Provided data START
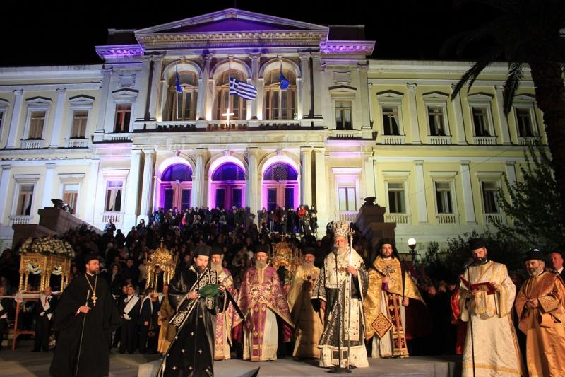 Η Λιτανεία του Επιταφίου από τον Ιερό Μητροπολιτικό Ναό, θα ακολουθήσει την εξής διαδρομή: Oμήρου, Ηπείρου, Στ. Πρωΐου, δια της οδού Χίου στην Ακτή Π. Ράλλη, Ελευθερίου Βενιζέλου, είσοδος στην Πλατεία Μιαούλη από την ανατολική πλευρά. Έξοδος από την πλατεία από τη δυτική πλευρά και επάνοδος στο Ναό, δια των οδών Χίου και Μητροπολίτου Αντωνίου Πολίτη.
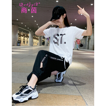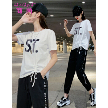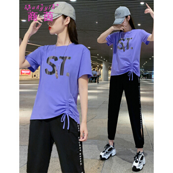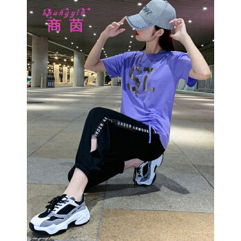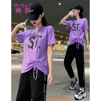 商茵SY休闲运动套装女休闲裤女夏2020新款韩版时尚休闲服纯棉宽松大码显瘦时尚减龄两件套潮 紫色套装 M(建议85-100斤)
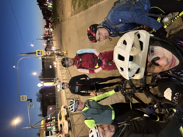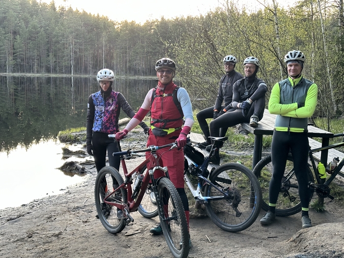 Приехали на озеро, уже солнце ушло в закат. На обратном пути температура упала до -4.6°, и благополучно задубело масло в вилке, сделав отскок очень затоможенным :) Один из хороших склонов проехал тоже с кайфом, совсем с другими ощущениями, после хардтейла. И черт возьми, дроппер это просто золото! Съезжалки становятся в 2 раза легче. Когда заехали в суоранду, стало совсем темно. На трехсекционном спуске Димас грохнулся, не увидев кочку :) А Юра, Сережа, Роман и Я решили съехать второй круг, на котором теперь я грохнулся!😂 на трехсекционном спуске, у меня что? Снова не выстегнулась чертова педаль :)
Provided data END
Return the whole of the material above exactly, with no picture carried over.

* _Reply_:
 Η Λιτανεία του Επιταφίου από τον Ιερό Μητροπολιτικό Ναό, θα ακολουθήσει την εξής διαδρομή: Oμήρου, Ηπείρου, Στ. Πρωΐου, δια της οδού Χίου στην Ακτή Π. Ράλλη, Ελευθερίου Βενιζέλου, είσοδος στην Πλατεία Μιαούλη από την ανατολική πλευρά. Έξοδος από την πλατεία από τη δυτική πλευρά και επάνοδος στο Ναό, δια των οδών Χίου και Μητροπολίτου Αντωνίου Πολίτη.
 商茵SY休闲运动套装女休闲裤女夏2020新款韩版时尚休闲服纯棉宽松大码显瘦时尚减龄两件套潮 紫色套装 M(建议85-100斤)
 Приехали на озеро, уже солнце ушло в закат. На обратном пути температура упала до -4.6°, и благополучно задубело масло в вилке, сделав отскок очень затоможенным :) Один из хороших склонов проехал тоже с кайфом, совсем с другими ощущениями, после хардтейла. И черт возьми, дроппер это просто золото! Съезжалки становятся в 2 раза легче. Когда заехали в суоранду, стало совсем темно. На трехсекционном спуске Димас грохнулся, не увидев кочку :) А Юра, Сережа, Роман и Я решили съехать второй круг, на котором теперь я грохнулся!😂 на трехсекционном спуске, у меня что? Снова не выстегнулась чертова педаль :)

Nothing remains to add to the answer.